Ceux-ci sont issus de l’asbl Kemit fondée à Kigali en 2001 et soutenue par la coopération française. Kemit – en langue de l’Egypte ancienne “Afrique” ou “continent noir” – est une ONG dont la volonté est de construire un regard personnel sur la réalité. Kemit crée depuis quelques années déjà des espaces d’expression et de formation de jeunes talents dont des ateliers de réalisation, de montage et d’écriture de scénarios.
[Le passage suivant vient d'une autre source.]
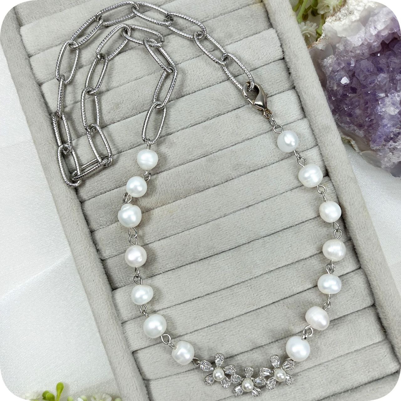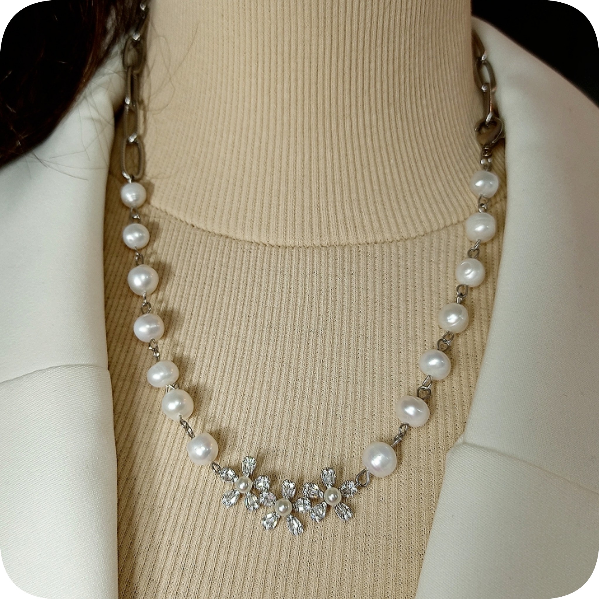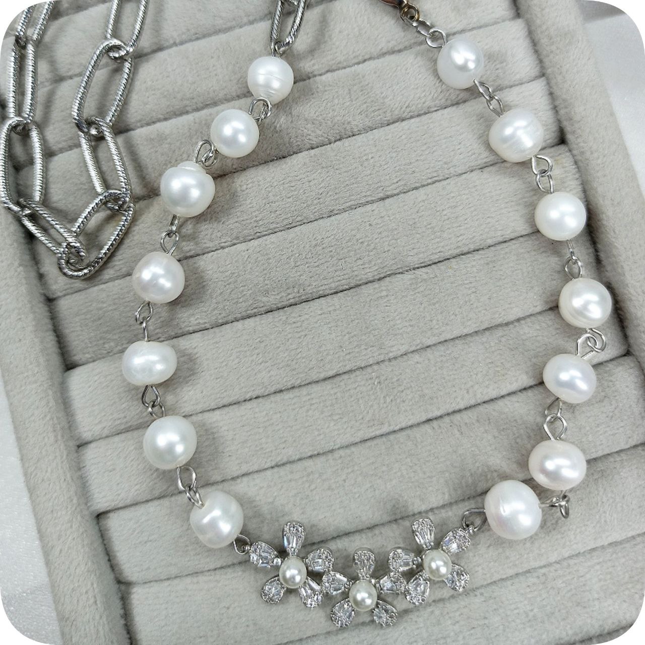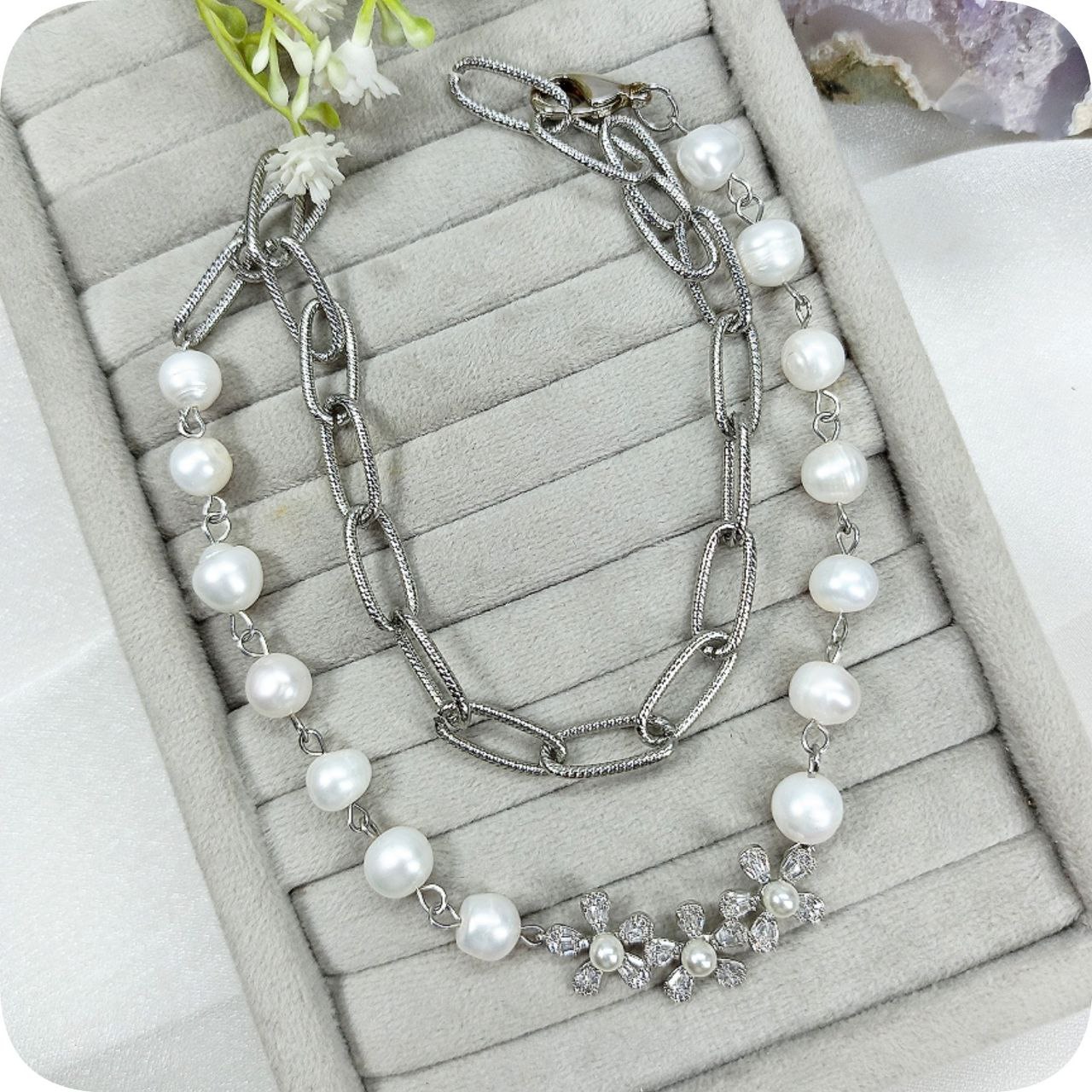 گردنبند مروارید و پلاک سواروسکی

Il est nécessaire à cette jeune génération de réalisateurs de pouvoir exprimer leur vision du monde, en particulier sur le génocide qui a ravagé leur pays en 1994, mais aussi sur les injustices sociales, la misère, le fléau du sida, etc. Submergé par des images du monde entier, le Rwanda a besoin aujourd’hui de se réapproprier la sienne propre.
Diffusés dans tout le Rwanda, ces courts métrages ouvrent les yeux des Rwandais sur des problèmes trop souvent tabous. De ces projections naissent des débats, des actions concrètes, des questions, des prises de conscience. Les réalisateurs renouent ainsi avec la nécessité première du 7e Art qui, comme le cinéma soviétique des années 20 ou le néoréalisme italien, entend conscientiser et éduquer par le son et l’image.
Parmi les films proposés lors de cette soirée, on épinglera surtout Isugi de Jacques Rutabingwa et Odile Gakire Katese, et le documentaire Goretti, de Diane Igirimbabazi, tous les deux sélectionnés à de nombreux festivals (Amiens, Clermont-Ferrand, Montréal, etc.). Isugi relate l’histoire d’une adolescente hantée par la mort de ses parents lors du génocide et maltraitée par son père adoptif. Goretti est un documentaire sur une jeune fille de 16 ans qui devient responsable de ses cinq frères cadets après la mort de ses parents. On retiendra surtout la sensualité des images et la qualité de la photo.